== ASSIGNMENT ==
Only the lines in the entries below from the line with "El detalle más" to the line with "- обратите внимание", both included, belong in the answer, transcribed exactly and without pictures.

== INPUT DATA ==
== Segment start ==

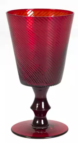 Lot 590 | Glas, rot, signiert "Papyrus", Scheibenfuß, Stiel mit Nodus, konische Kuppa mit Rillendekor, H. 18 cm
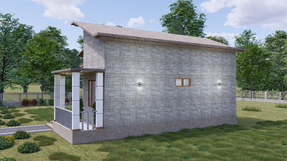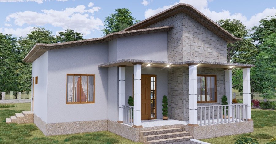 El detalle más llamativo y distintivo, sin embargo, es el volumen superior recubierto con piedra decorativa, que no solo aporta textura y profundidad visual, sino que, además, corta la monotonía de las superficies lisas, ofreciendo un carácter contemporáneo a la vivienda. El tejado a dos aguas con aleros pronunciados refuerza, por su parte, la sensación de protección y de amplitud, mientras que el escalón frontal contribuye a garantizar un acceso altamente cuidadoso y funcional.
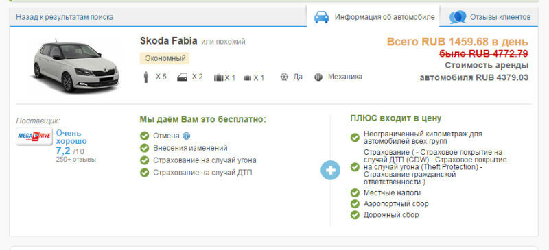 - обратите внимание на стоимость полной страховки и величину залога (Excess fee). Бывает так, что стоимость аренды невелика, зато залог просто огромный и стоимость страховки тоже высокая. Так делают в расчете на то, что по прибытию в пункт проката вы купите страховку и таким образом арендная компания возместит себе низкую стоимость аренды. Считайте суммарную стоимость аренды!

== Segment end ==
== Segment start ==

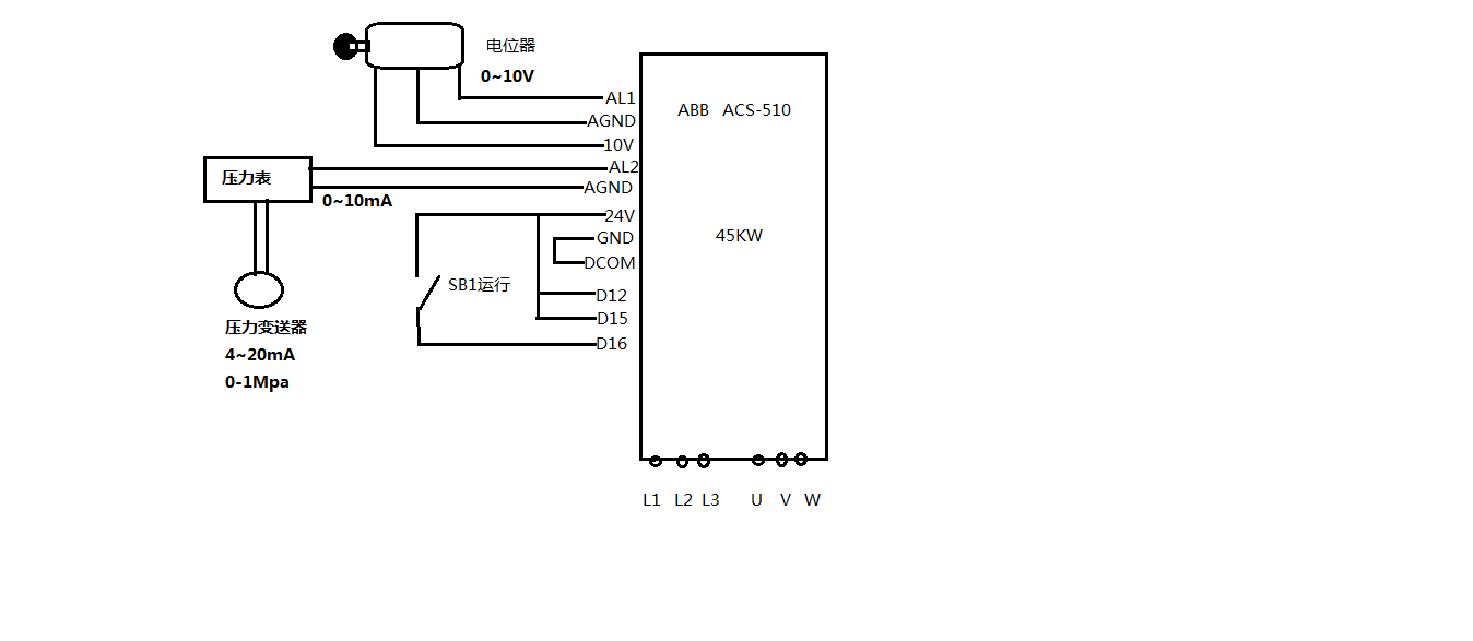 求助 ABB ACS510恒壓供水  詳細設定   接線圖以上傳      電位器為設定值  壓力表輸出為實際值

== Segment end ==

== RESULT BELOW ==
 El detalle más llamativo y distintivo, sin embargo, es el volumen superior recubierto con piedra decorativa, que no solo aporta textura y profundidad visual, sino que, además, corta la monotonía de las superficies lisas, ofreciendo un carácter contemporáneo a la vivienda. El tejado a dos aguas con aleros pronunciados refuerza, por su parte, la sensación de protección y de amplitud, mientras que el escalón frontal contribuye a garantizar un acceso altamente cuidadoso y funcional.
 - обратите внимание на стоимость полной страховки и величину залога (Excess fee). Бывает так, что стоимость аренды невелика, зато залог просто огромный и стоимость страховки тоже высокая. Так делают в расчете на то, что по прибытию в пункт проката вы купите страховку и таким образом арендная компания возместит себе низкую стоимость аренды. Считайте суммарную стоимость аренды!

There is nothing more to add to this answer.